## Exercise description:
Take the data below and copy exactly the lines starting at the one with "Pánské sako ALAIN" and finishing at the one with "ARHR也是目前Top-N推", both included.

## Provided records:
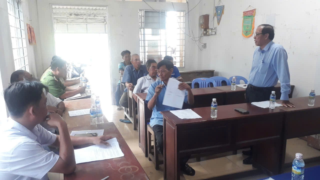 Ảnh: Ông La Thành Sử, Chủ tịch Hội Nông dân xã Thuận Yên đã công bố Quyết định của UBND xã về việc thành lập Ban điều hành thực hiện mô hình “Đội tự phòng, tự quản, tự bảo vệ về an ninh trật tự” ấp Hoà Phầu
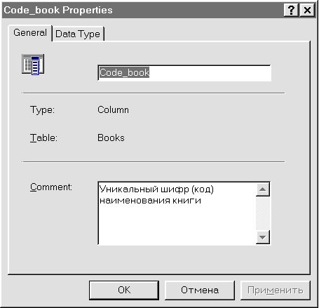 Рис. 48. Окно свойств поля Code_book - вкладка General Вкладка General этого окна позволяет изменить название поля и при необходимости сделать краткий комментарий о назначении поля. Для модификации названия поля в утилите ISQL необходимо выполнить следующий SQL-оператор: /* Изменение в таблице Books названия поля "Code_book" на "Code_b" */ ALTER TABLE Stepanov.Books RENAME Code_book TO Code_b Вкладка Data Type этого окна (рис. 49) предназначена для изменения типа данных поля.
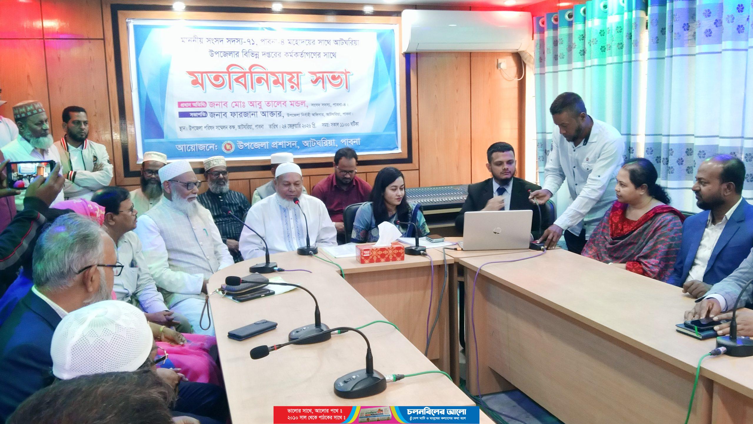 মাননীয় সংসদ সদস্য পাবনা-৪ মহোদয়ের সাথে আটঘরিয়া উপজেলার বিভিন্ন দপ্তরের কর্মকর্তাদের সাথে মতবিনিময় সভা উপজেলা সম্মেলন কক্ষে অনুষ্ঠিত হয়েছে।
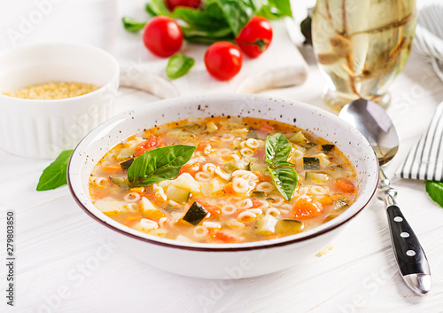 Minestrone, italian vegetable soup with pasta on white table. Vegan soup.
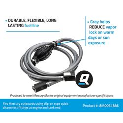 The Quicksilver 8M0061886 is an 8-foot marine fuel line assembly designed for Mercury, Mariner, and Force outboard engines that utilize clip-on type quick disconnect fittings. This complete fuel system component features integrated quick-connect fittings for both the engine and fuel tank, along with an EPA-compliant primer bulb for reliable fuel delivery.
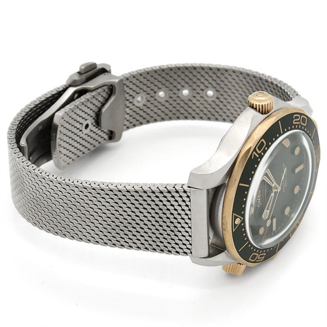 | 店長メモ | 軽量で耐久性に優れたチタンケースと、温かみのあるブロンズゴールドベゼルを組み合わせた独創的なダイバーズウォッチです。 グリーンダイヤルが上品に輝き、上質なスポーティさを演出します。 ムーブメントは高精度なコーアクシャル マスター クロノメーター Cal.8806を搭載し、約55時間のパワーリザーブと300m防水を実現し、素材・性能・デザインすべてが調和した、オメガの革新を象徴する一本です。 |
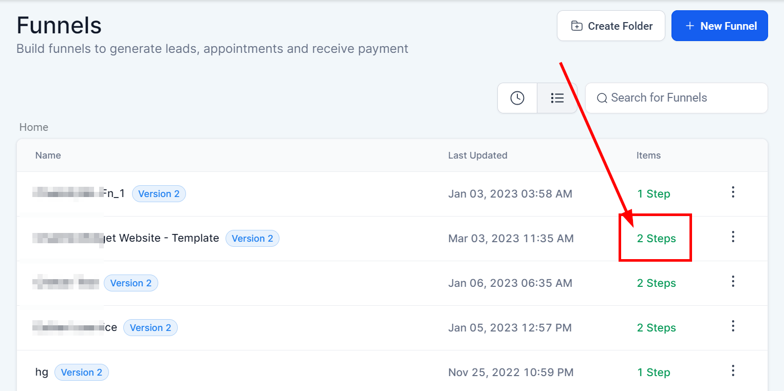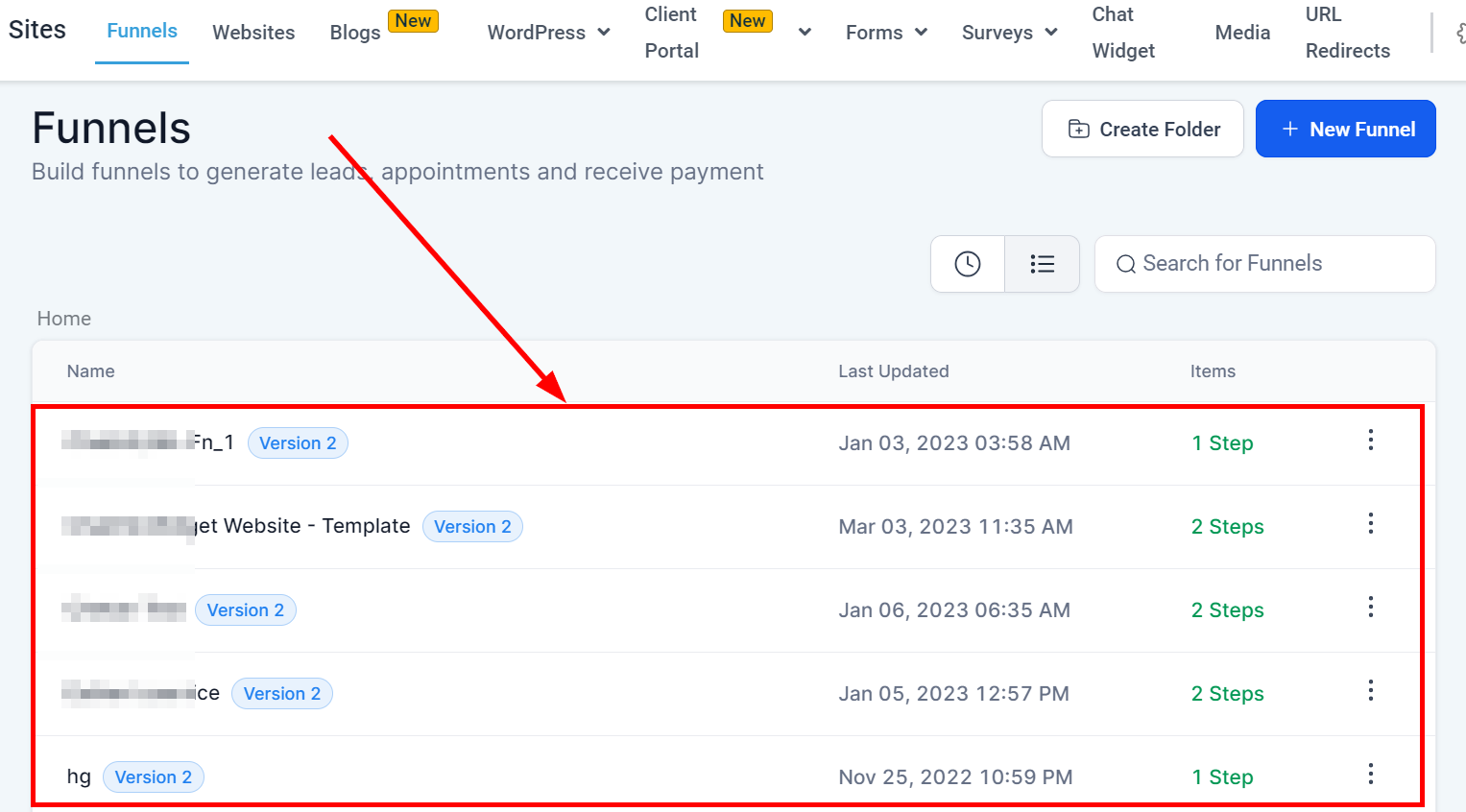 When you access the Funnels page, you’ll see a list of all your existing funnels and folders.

...

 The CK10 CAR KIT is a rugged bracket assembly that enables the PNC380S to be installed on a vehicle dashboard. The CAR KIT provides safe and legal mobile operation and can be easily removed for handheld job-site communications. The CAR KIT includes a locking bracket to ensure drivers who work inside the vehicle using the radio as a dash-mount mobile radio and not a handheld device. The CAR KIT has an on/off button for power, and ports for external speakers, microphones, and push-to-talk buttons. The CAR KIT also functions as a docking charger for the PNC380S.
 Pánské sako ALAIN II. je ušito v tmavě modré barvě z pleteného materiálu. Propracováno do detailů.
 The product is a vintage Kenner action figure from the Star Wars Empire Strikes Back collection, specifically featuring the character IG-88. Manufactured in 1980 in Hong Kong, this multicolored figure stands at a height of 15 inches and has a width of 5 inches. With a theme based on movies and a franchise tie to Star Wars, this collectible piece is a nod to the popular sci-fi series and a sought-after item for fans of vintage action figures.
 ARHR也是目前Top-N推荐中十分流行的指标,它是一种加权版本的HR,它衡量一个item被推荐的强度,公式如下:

## Response to this task:
 Pánské sako ALAIN II. je ušito v tmavě modré barvě z pleteného materiálu. Propracováno do detailů.
 The product is a vintage Kenner action figure from the Star Wars Empire Strikes Back collection, specifically featuring the character IG-88. Manufactured in 1980 in Hong Kong, this multicolored figure stands at a height of 15 inches and has a width of 5 inches. With a theme based on movies and a franchise tie to Star Wars, this collectible piece is a nod to the popular sci-fi series and a sought-after item for fans of vintage action figures.
 ARHR也是目前Top-N推荐中十分流行的指标,它是一种加权版本的HR,它衡量一个item被推荐的强度,公式如下:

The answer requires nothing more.